MBS and the Saudi future

None of this is to deny that missteps occurred, or that concerns about political liberties and freedom of the press in Saudi Arabia are unfounded. A leader moving at MBS’s speed will, inevitably, disrupt entrenched interests and habits. But a decade on, the balance sheet is unmistakable: the Kingdom is safer, more dynamic, more livable, and more competitive than the Saudi Arabia I assessed in 2014. 

Credit markets and ratings agencies—whose job is to be cold-eyed about risk—have registered that transformation: Moody’s upgraded the sovereign to Aa3 in Nov. 2024, S&P raised the Kingdom to A+ in March 2025, and Fitch affirmed A+ with a stable outlook in July 2025. These are not vanity metrics; they lower borrowing costs, attract capital, and validate the macro framework underpinning Vision 2030. 

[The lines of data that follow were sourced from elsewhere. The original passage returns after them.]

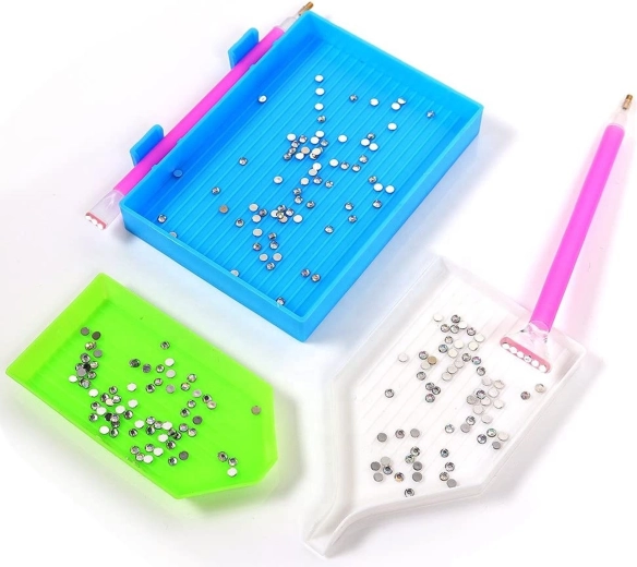 Maak sprankelende kunstwerken met de complete gereedschapsset voor diamond painting. Dankzij de precieze roller bereik je een gelijkmatige hechting en een glad oppervlak zonder uitstekende steentjes. Bakjes met ribbels en applicators met meerdere punten versnellen je werk en verbeteren de nauwkeurigheid van plaatsing.
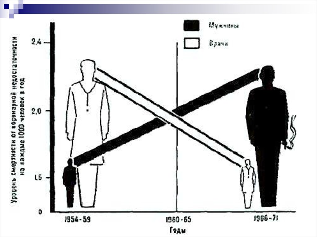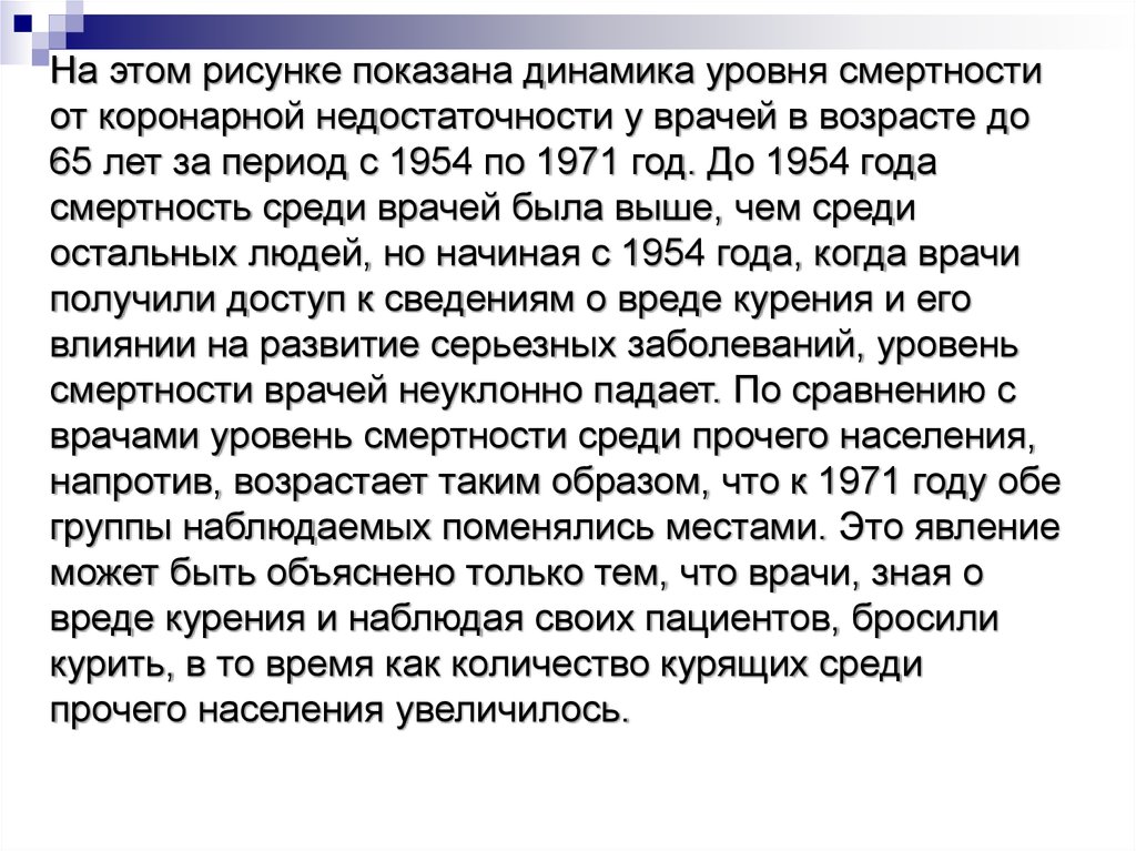 На этом рисунке показана динамика уровня смертностиот коронарной недостаточности у врачей в возрасте до
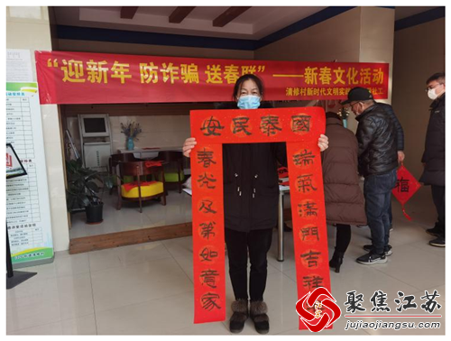在春节来临之际,为更好地传承中华优秀传统文化,营造健康祥和、喜庆温馨、积极向上的文化氛围和节日气氛,新春的年味儿,要从一副红红的手写春联开始!1月10日,江宁街道清修村新时代文明实践站围绕“文明新春 志愿有‘宁’”主题,开展“迎新年 防诈骗 送春联”新春文化活动,志愿者与书法老师一起把浓浓的年味和新春的祝福送到村民手中。
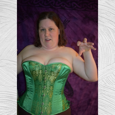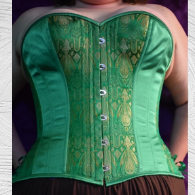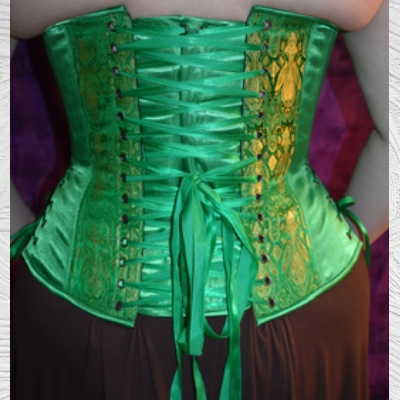 The outer layer of this corset is made from a silk brocade emerald/kelly green and gold fabric.
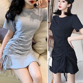 Đầm tay ngắn dây rút màu trơn thiết kế thanh lịch
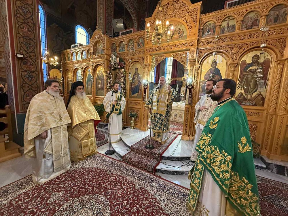 Τον Σεβασμιώτατο πλαισιώσαν οι Εφημέριοι του Ιερού Ναού, καθώς και ο Πανοσιολ. Αρχιμ. κ. Διονύσιος Παπαλέξης. Χαρακτηριστικό της σημερινής πανηγύρεως, το πλήθος του λαού που πλημμύρισε τον Ναό και τους γύρω χώρους.
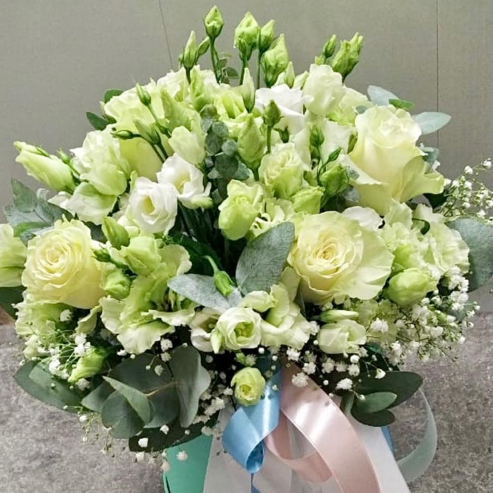 Роза белая – 5 шт.эустома green – 5 шт.Эвкалипт – 5 шт.Гипсофила – 2 шт.Шляпная коробка с лентами – 1 шт.
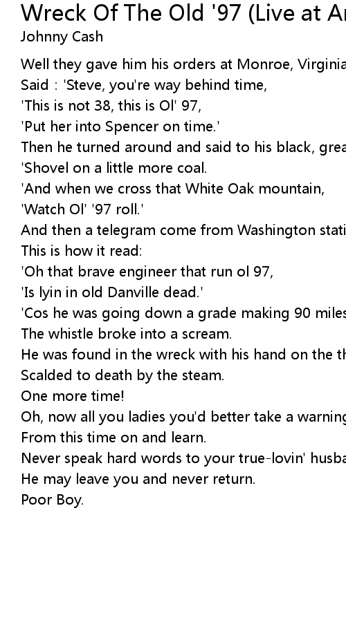 | Song | Wreck Of The Old '97 (Live at Annex 14 NCO Club, Long Binh, Vietman, January 1969) |
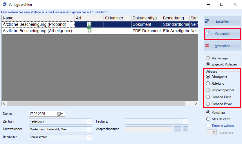 Wenn Sie im Fenster Vorlage wählen die Funktion Versenden nutzen, so wird nun auf die seitliche Auswahl im Bereich Adresse geprüft:
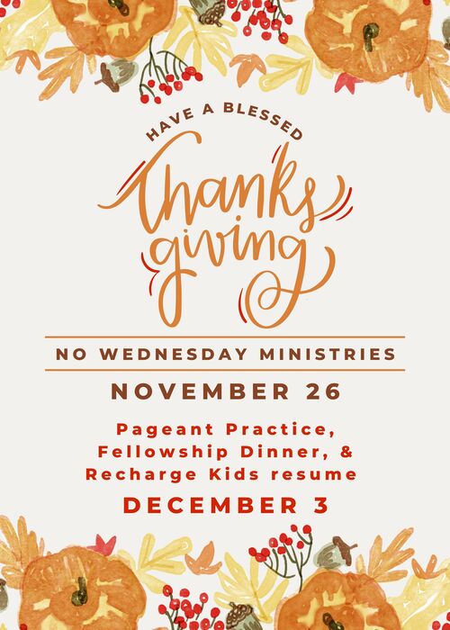 Wishing your family a blessed Thanksgiving. All regularly scheduled Wednesday ministries are canceled this week.

For me, the contrast remains deeply personal. While I had to move my daughter out of Riyadh because she couldn’t play sports; today, schoolgirls jog in public parks in front of parents who would never have imagined such a scene. I once warned that an economy dependent on cheap inputs and blanket subsidies would atrophy; today, industries watch costs, companies push productivity, and young Saudis start businesses that develop into tech unicorns in sectors that barely existed a few years ago. I once feared Saudi would stagnate behind walls; today tourists queue at restored heritage sites while the world’s best athletes, artists, and coders fly in and out of its cities whose skylines change by the month.

Read More: Saudi Arabia’s Chance to Lead the Middle East

At 40, Mohammed bin Salman could govern for decades. That longevity is strategic. Leaders like Turkey’s Mustafa Kemal Atatürk, Singapore’s Lee Kuan Yew, and China’s Deng Xiaoping reshaped their nations because they mixed audacity with institutionalization—and stayed long enough to embed change. The Kingdom has completed phase one of his plan: shock therapy. The challenge now is phase two: to build on these reforms and give them institutional depth so no future government can easily unwind them. 

If the Kingdom locks those reforms in while sustaining a realistic pace on its mega-projects and widening space for constructive debate, the payoff will extend far beyond its borders to a more stable and economically productive Arab region better able to compete in the world. As someone who argued in 2014 that only a strong reformist could arrest drift and rebuild the Saudi state, I didn’t expect the shift to arrive this fast—or to touch so many dimensions of life so deeply. But here we are.